Ancient Astronomical Practices

By George Best
September Meeting

James Evans
University of Puget Sound
Wednesday, September 19
7:30 p.m.

A-102 Physics-Astronomy Bldg.
University of Washington

Come early at 7 p.m. to visit with your fellow members.

Bring your slides for after the program.

JAMES Evans, professor, historian and astronomer at the University of Puget Sound in Tacoma, will speak at the September 19 SAS meeting about ancient astronomy.

In his book, "The History and Practice of Ancient Astronomy," Evans says that when you learn to do astronomy the old-fashioned way, you gain a profoundly deeper understanding of what the ancients thought and did. "There is all the difference in the world between knowing about and knowing how to do," says Evans.

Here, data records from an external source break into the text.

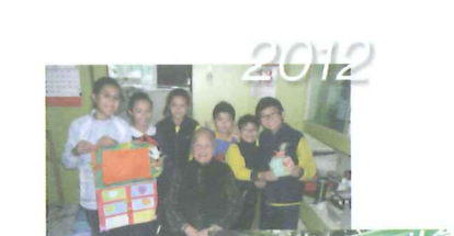
2011「村」流不息關愛大行動
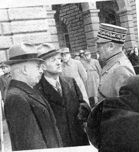
General Guisan im Gespräch mit Bundespräsident Eter und Alt-Bundesrat Wetter
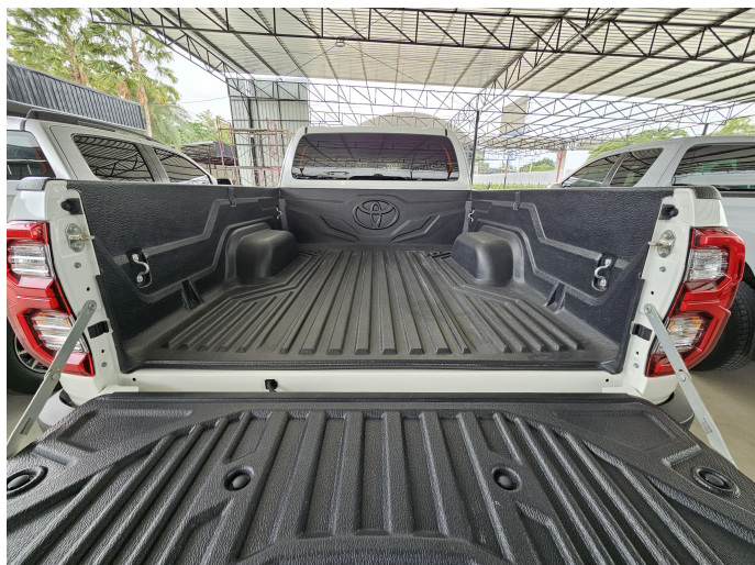
การวินิจฉัย CP 2
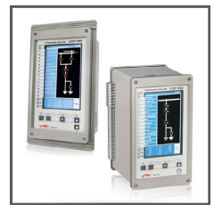
CZIP®-PRO – systemy cyfrowych zabezpieczeń SN
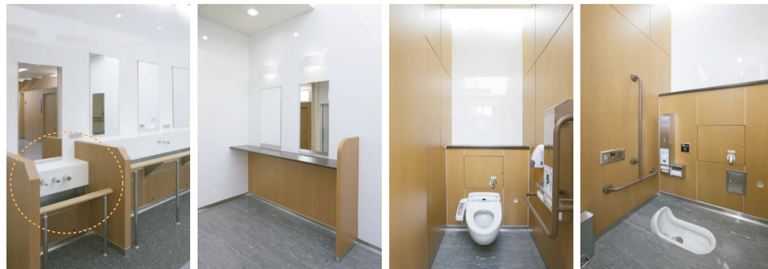
子ども用の小便器や背の低い洗面カウンターを設置し、子ども連れ利用者に配慮。(男性用トイレにも設置)
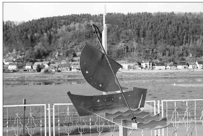
Die dreißigste Uhr von 2014, angefertigt vom Metallbau Gunter Arnold

Der Krippener „SonnenUhrenWeg“ erweitert sich mit dieser Schiffsuhr auf 30 beschriebene Standorte. Eine stattliche Anzahl für den kleinen Ort. In dem zeitlich befristeten staatlichen Förderprojekt von 2005 bis 2007 waren ursprünglich 20 Uhren vorgesehen. Dank des breiten Echos bei den Einwohnern und deren Mitwirkung gelang es, ein in seiner Art einmaliges kulturelles und touristisches überregionales Angebot termingerecht anzubieten. In den nachfolgenden Jahren konnte der „SonnenUhrenWeg“ um weitere 10 Exemplare ergänzt werden
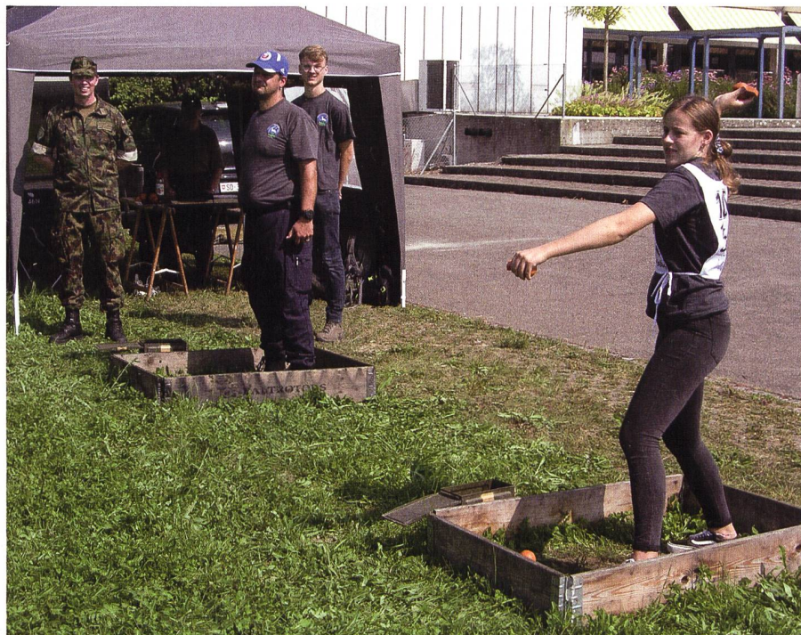
Posten HG-Wurf: Das gibt einen Treffer!
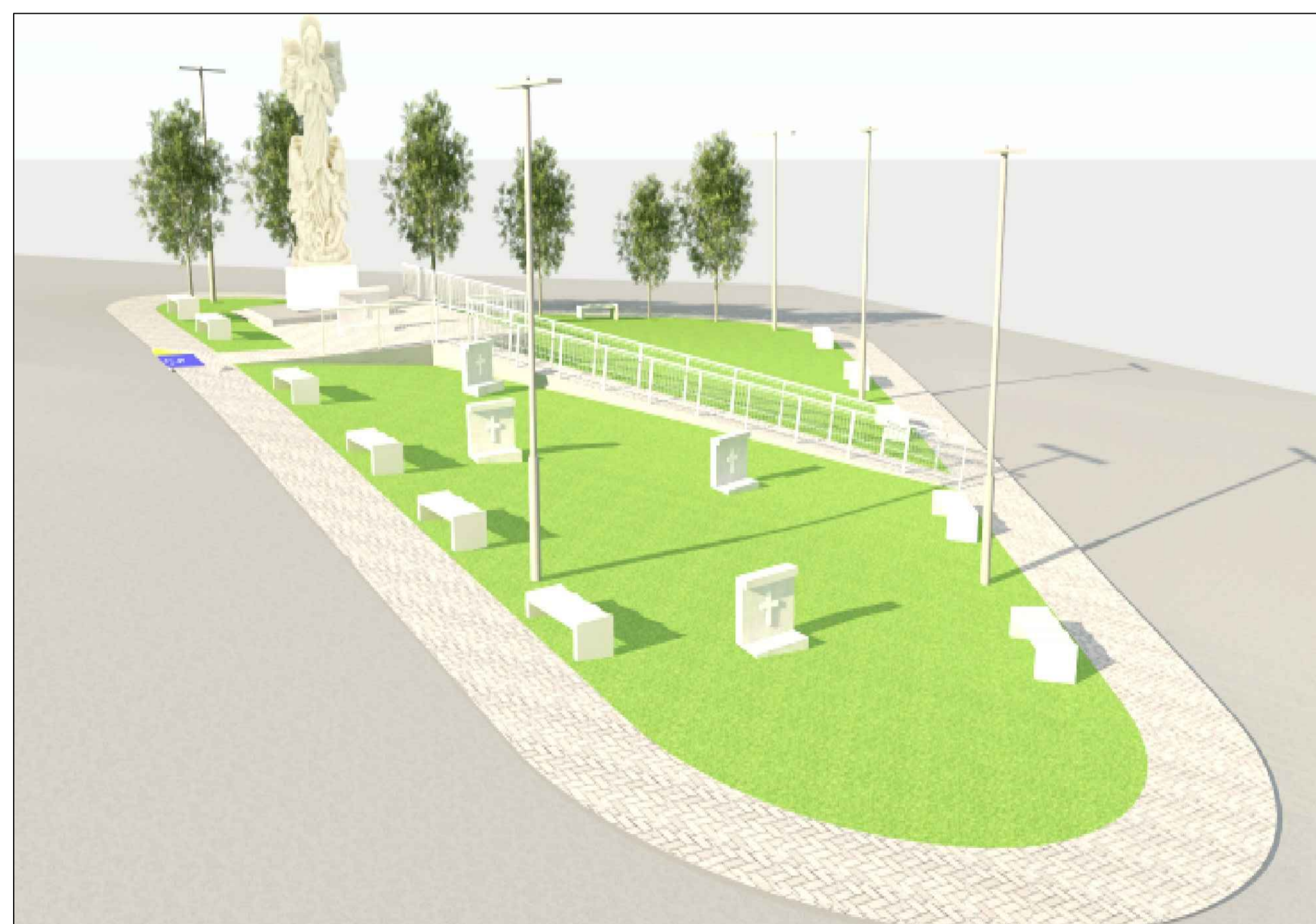
PERSPECTIVA 04 SEM ESCALA
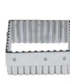
⑯ マトファー 角ギザ 抜型 79652
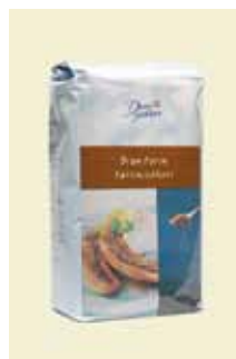
Farinsocker, 2 kg Art nr: 45205 Antal/bricka: 4 x 2 kg Foodservice förpackning
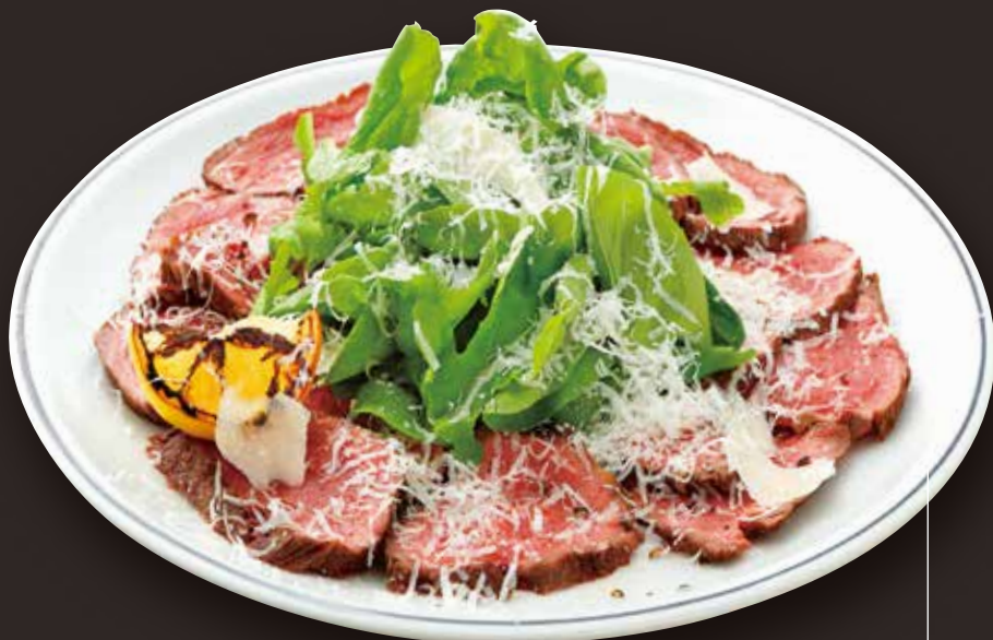
Kuroge Wagyu beef "Tagliata" 黒毛和牛のイタリアンステーキ "タリアータ"
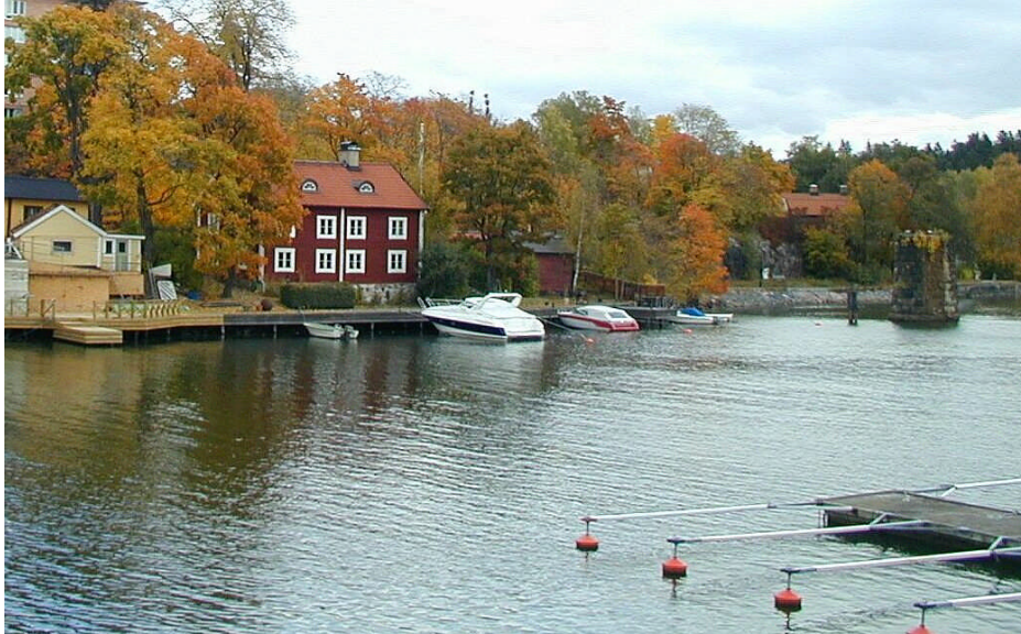
Det gamla brofästet med brovaktstugan och värdshuset
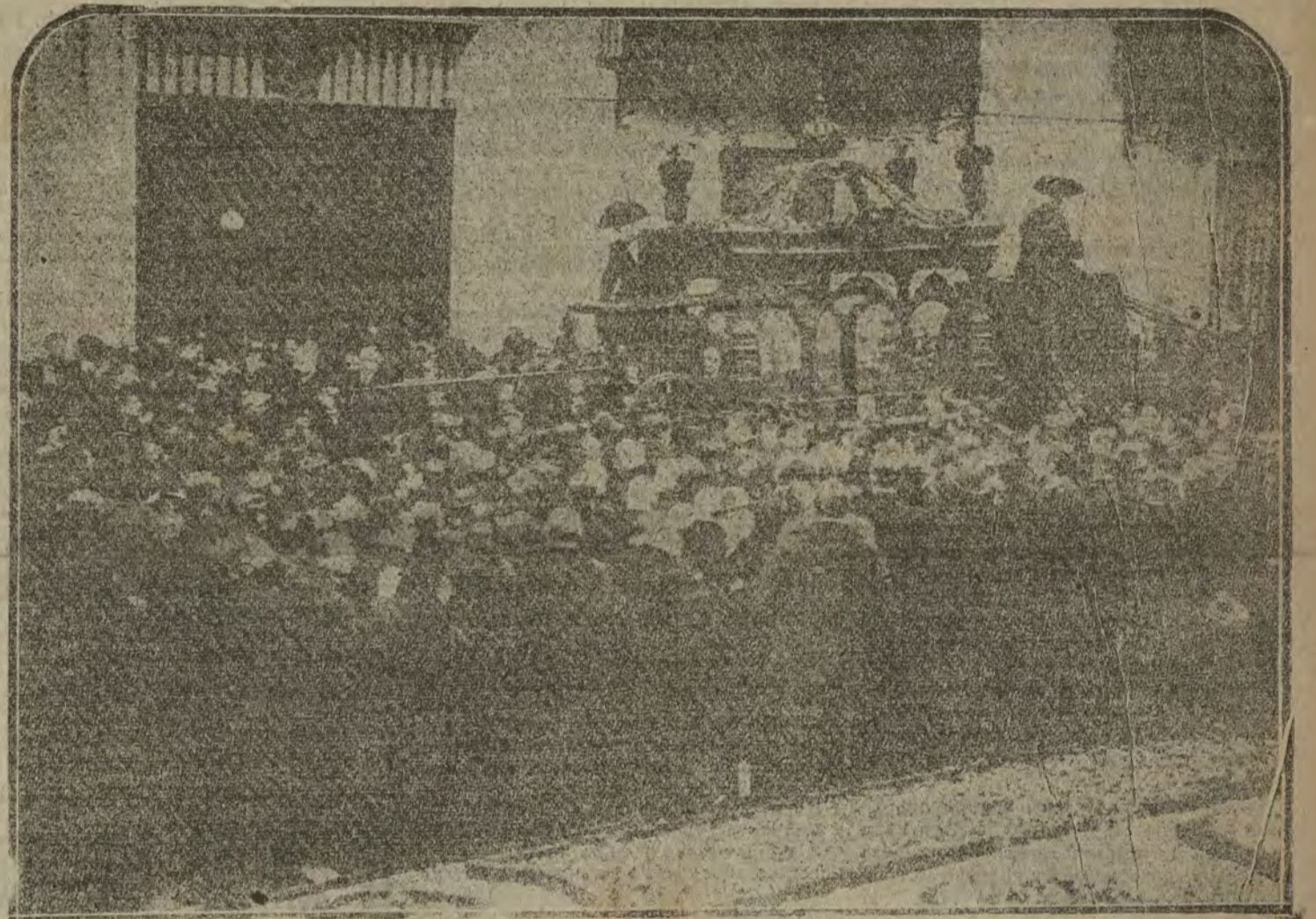
Momento de salir la carroza fúnebre de Galdós, esta tarde, en el Ayuntamiento de Madrid.

Artículo tercero. Por el referido ministerio se dictarán las disposiciones necesarias para la ejecución de este decreto.
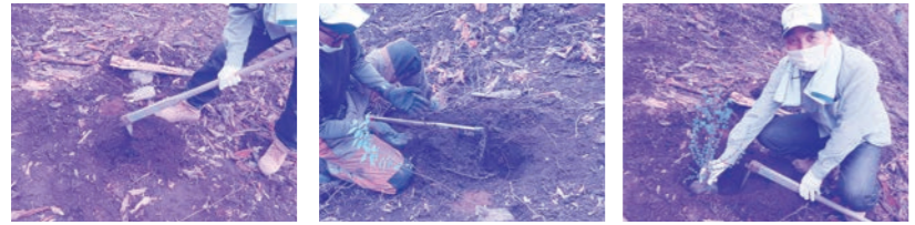
①穴を掘り ②肥料を撒き ③苗を入れ
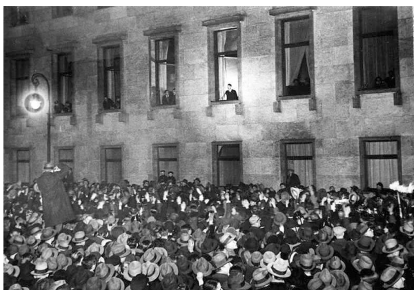
Ilustración 3. Hitler, recién nombrado canceller saluda a la multitud.

“El Estado exige a este particular, bajo terribles amenazas, que renuncie a sus amigos, que abandone a sus novias, que deje a un lado sus convicciones y acepte otras preestablecidas, que salude de forma distinta a la que está acostumbrado, que coma y beba de forma distinta a la que le gusta, que dedique su tiempo libre a ocupaciones que detesta, que ponga su persona a disposición de aventuras que rechaza, que niegue su pasado y su propio yo, y en especial, que, al hacer todo ello, muestre continuamente un entusiasmo y agradecimientos máximos” (Haffner, 2001, pp.11-12 como se cita en Grunberger, 2011, p.84)
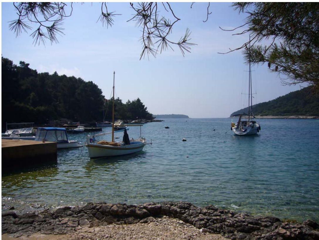
Korcula, Bucht Tri Luke (N42°55,7 / E016°39,9)
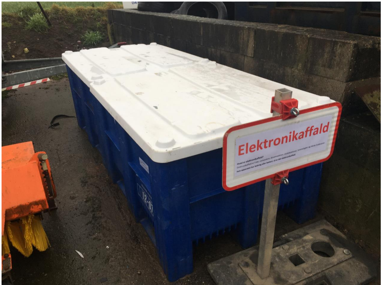
Billede 1. Elektronikskrot opbevares nu i disse lukkede beholdere.
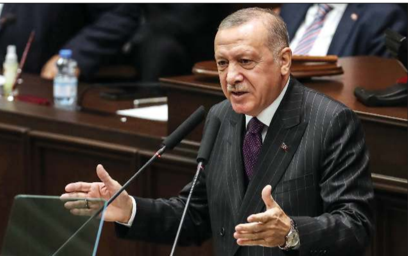
الرئيس التركي رجب طيب أردوغان خلال إلقاء كلمته في البرلمان

بمحاربة انتشار كورونا في روسيا) أن الحزمة الأولى من لقاح مركز «فيكتور»، والتي تضم 60 ألف جرعة، ستنتج في المستقبل القريب. وفي آسيا، توقعت الصين، حيث ظهرت أول إصابة بفيروس كورونا المستجد في أواخر السنة الماضية، انتهاء الفحوصات على كل سكان مدينة تشينغداو اليوم، بعد رصد بؤرة جديدة فيها الأحد الماضي. وأعلنت السلطات الإيرانية أمس فرض قيود مؤقتة على حركة التنقل من وإلى خمس مدن أبرزها طهران، مع تسجيل حصيلة قياسية جديدة للوفيات والإصابات اليومية. وأفاد مدير العلاقات العامة والإعلام في وزارة الصحة كيانوش جهانپور خلال كلمة متلفزة، إن السلطات قررت منع الدخول والخروج من العاصمة، ومدن كرج ومشهد وإصفهان وأرومية. ودخل الإجراء حيز التنفيذ اعتباراً من منتصف الليل الماضي، ويستمر حتى ظهر الأحد، تزامناً مع عطلة لثلاثة أيام والأربعاء، أفادت المحدثه باسم وزارة الصحة سيما سادات لاري عن بلوغ العدد الإجمالي للوفيات 29,349 شخصاً، مع تسجيل 279 وفاة إضافية أمس، في حصيلة يومية قياسية منذ رصد أولى الحالات في فبراير. ووصل إجمالي الإصابات إلى 513,219، مع تسجيل 4830 إصابة، وهي أيضاً حصيلة يومية قياسية.
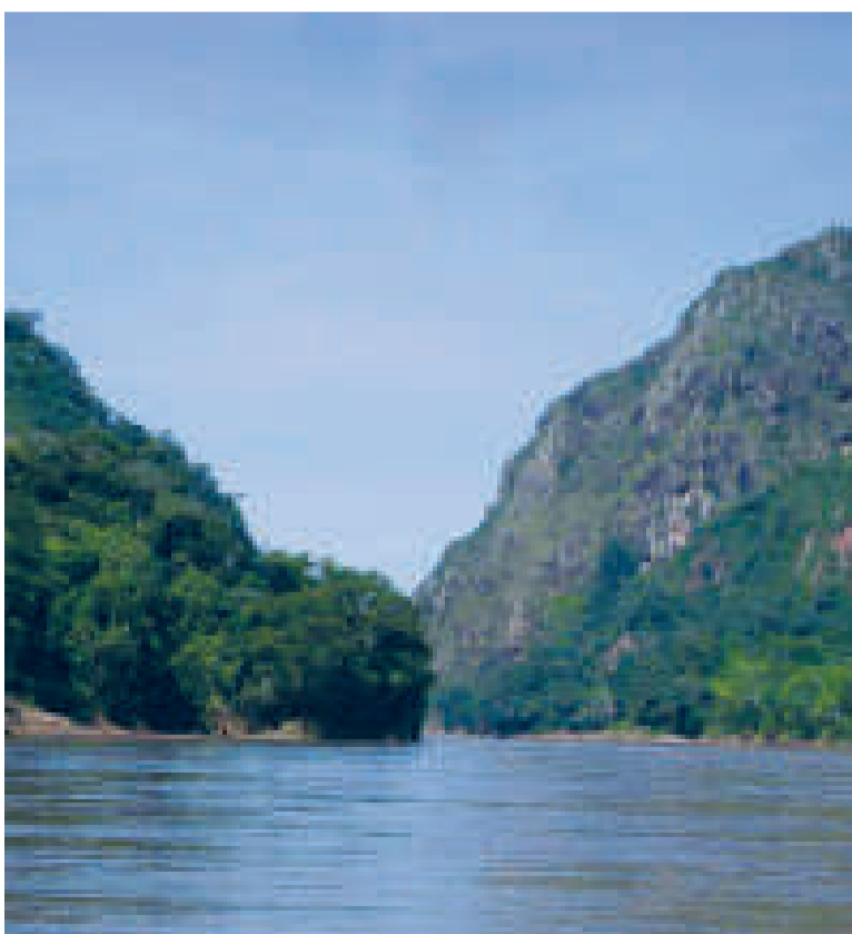
El Madidi es una de las áreas protegidas más diversas por su riqueza natural.
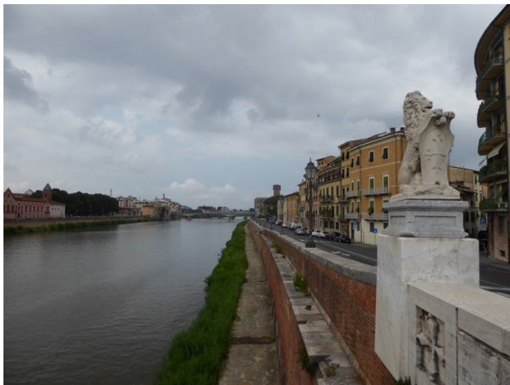
Her ser vi i motsatt retning.
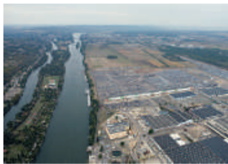
Le site Renault à Flins-les Mureaux.

Flins pour construire les véhicules électriques du futur et les batteries qui vont avec. Toutes ces mesures auront rapidement des conséquences positives dans le canton de Mantel-la-Jolie, notamment en termes de consolidation de l'emploi industriel et de création d'emplois. ●
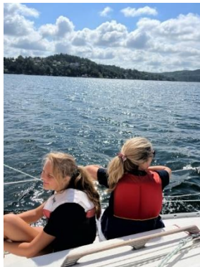
Lovisa o Paula njöt i solen

Häng på du också och segla Röva Runt 3 augusti 2024!
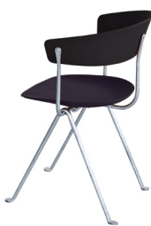
Frame: Galvanized Seat and Back: Black Leather L-0060
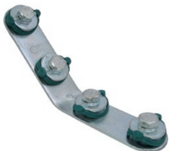
BIS RapidRail® Elementy konstrukcyjne

że są one kompletnie zmontowane i dostępne w bardzo szerokiej palecie rozmiarów pozwalają na ograniczenie ilości kłopotliwych dla instalatora drobnych elementów takich jak nakrętki sześciokątne i podkładki. Specjalna konstrukcja nakrętek ślizgowych i śrub młotkowych BIS RapidRail® pozwala także na szybką i łatwą regulację ich położenia w szynie oraz wysokości na jakiej jest podwieszona rura. Śruby młotkowe posiadają trzpienie gwintowane w różnych długościach co pozwala na ich zastosowanie do każdego rozmiaru rur bez względu na grubość izolacji.
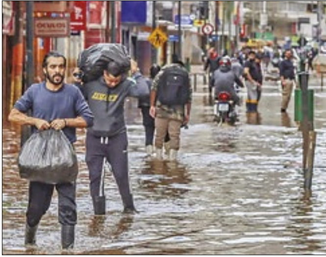
Vítimas das chuvas, 34 pessoas seguem desaparecidas
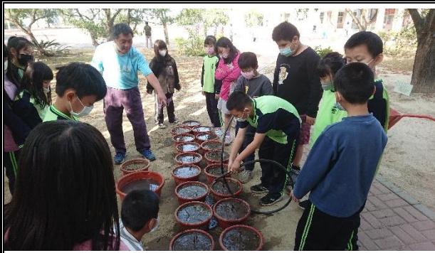
活動說明：蓮花育苗
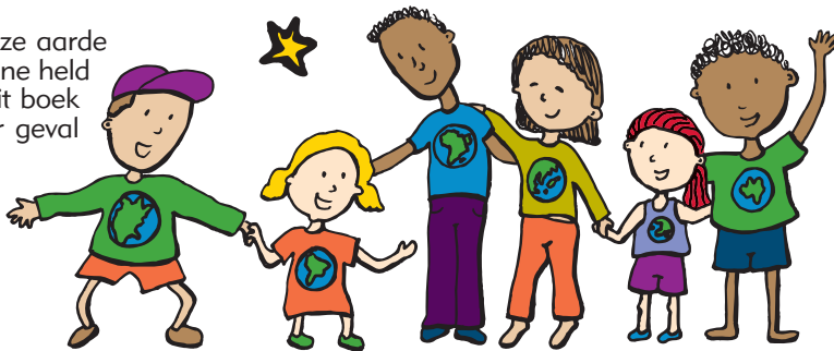
Jacqueline Cramer Minister van Ruimte en Milieu
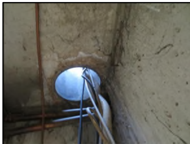
Photo N° 598 AMIANTE CIMENT -- GAINE TECHNIQUE 4 Conduits de fluide Ventilation haute (Fibres- ciment)
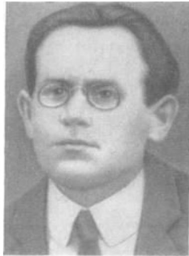
Антон Іосифович Слуцький, голова Раднаркому Республіки Тавриди

Така позиція Слуцького викликала гостре незадоволення В. Леніна. У надісланому 14 березня листі до надзвичайного комісара України С. Орджонікідзе він писав: «Дуже прошу вас звернути серйозну увагу на Крим та Донецький басейн з метою створення єдиного бойового фронту проти наступу з Заходу. Переконайте кримських товаришів, що хід речей нав'язує їм оборону, і вони повинні оборонятися незалежно від ратифікації мирного договору. Дайте їм зрозуміти, що становище Півночі суттєво відрізняється від становища Півдня, та з огляду війни, фактичної війни

The ancient astronomical tradition is one of impressive duration and richness—from planet observations by the Babylonians in the second millennium BC to the astronomical revolution of the sixteenth century to the superb navigation of the Polynesians. Evans asks two questions: What evidence permits us to reconstruct the astronomy of the ancient past? How was astronomy actually practiced?

Before the speaker, Loren Busch will give a 15-minute presentation on the Astronomical League's programs for Messier and other certifications. Congratulations to Steve Kulseth who received his Messier Certificate and pin from the Astronomical League at last month's meeting. Steve received an Honorary Certificate for observing all 110 objects.